The Best of Times, The Worst of Times

Transport yourself back in time to October 1991. Unicode 1.0.0 saw the light of day, and a bright day it was. With 7,129 characters and ample space in its 2-byte reservoir for the characters of all languages, past, present, or future. No more incompatible code pages for European languages, no more multi-byte encodings of Asian languages!

Unicode was an instant success. Operating systems and programming languages eagerly embraced it. In 1996, the Java 1.0 language specification confidently stated:

The integral types are byte, short, int, and long, whose values are 8-bit, 16-bit, 32-bit and 64-bit signed two's-complement integers, respectively, and char, whose values are 16-bit unsigned integers representing Unicode characters.

This happy state of affairs lasted almost ten years, until March 2001. Only five years for Java, though.
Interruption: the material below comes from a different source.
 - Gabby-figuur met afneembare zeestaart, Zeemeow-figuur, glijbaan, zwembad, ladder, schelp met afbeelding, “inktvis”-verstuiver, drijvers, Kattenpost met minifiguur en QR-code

When Unicode 3.1 was released, it broke through the 16-bit barrier and clocked in at 94,140 code points, due to the addition of many Chinese/Japanese/Korean ideographs. You would have thought they could have counted them ten years earlier...
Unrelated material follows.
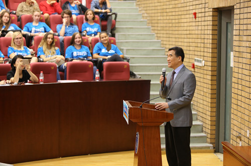 闫国华在致辞中对来自各孔子学院的中学生表示热烈欢迎,他表示,“你和我•在北京”北外夏令营是北外国际汉语推广工作的品牌项目,十一年来,它担负着让多国家、多民族之间的文化互相交融、彼此借鉴、相互学习的重要使命,让各国营员们在了解中国的同时,展示自己国家的特色,感悟文化交织的魅力。希望通过各种生动有趣的活动,营员们能够饱览名胜古迹、体验风土人情,广交青年好友、培养国际情怀。

👋 to fixed-width encoding. Unicode characters, now in the “basic multilingual plane” and 16 “astral planes”, can be encoded with UTF-8, a multi-byte encoding that requires one byte for classic ASCII, four bytes for astral characters (such as the waving hand sign), and two or three bytes for those in between. Over 98% of web pages are encoded with UTF-8. JEP 400 says that UTF-8 should be the default file encoding for Java version 18 and above.

That's cold comfort for the Java VM (and Windows, which also embraced 16-bit characters). Having bought into the 16-bit char world, they have to resort to the icky UTF-16 encoding that uses one 16-bit value for the characters in the basic multilingual plane and two 16-bit values for the astral characters, taking advantage of a small window of “surrogate” characters that could be pressed into service for those astral planes.

var wavingHandSign = "👋";
wavingHandSign.length() // 2
wavingHandSign.substring(0, 1) // A malformed string with one surrogate character

The result: the worst of all worlds. An encoding that is both bulky and variable-width.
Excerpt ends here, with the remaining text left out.